Another group is identifying immune changes in hepatitis patients given interferon, a cytokine known to cause CFS-like symptoms. Suhadolnik and his colleagues demonstrate here that IFN-a, the main inducer of the intracellular response to viruses, bacteria and other pathogens, is not enhanced in CFS patients that are presumably under pathogenic attack. This suggests a breakdown of the IFN mediated immune response in CFS.

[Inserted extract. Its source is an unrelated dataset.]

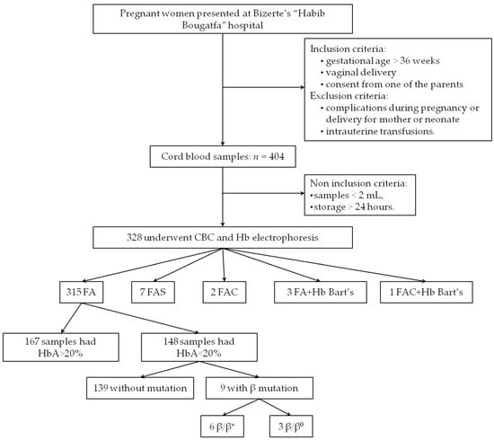 During the 22-week-period screening, 404 cord bloods were collected. A total of 76 were eliminated because they met at least one exclusion criterion (Figure 1). The 328 remaining samples underwent hematological analysis (CBC and Hb electrophoresis).

This large study helped to settle some issues and raised several new questions regarding CFS. First a statistical analysis indicating depressed patients do not commonly suffer from the core symptoms characteristic of CFS provided further evidence the two diseases have different etiologies.
Significantly increased levels of RNase fragmentation in CFS patients vs. depressed patients and healthy controls substantiated the above finding and confirmed RNase L fragmentation as a potential biomarker for CFS. Significantly decreased NK cell activity in CFS patients vs. controls provided further confirmation NK activity is reduced in CFS.
Perhaps more importantly NK cell activity levels were negatively correlated with RNase L fragmentation; this is the first time these two immune abnormalities have been linked and again suggests the centrality of RNase L disruption in CFS. Most interestingly several blood chemistry measures that were significantly different in CFS patients vs. controls were also correlated with RNase L fragmentation.
Since some of these do not have an immune basis this suggests RNase L dysfunction may effect other than immune functioning in CFS patients. Intriguingly, in contrast to controls not in contact with CFS patients, healthy controls in contact with CFS patients displayed several abnormalities (increased RNase L fragmentation, IFN activation, etc.) suggesting infection and immune activation.
That CFS patients did not display several of the measures of immune activation (increased IFN-a activity, platelet counts) found in the healthy contact controls suggests an area of immune deficiency in CFS patients. The last two findings will be explored further in a later paper.
*Update 9/08 – Later paper? What later paper? Four years later no paper has appeared. (So much for Landmark!)
Lloyd, A. 2003. Post-Infective Fatigue. In Handbook of Chronic Fatigue Syndrome. 108-122. Ed. Leonard Jason, Patricia Fennel, Renee Taylor and Charles Lapp.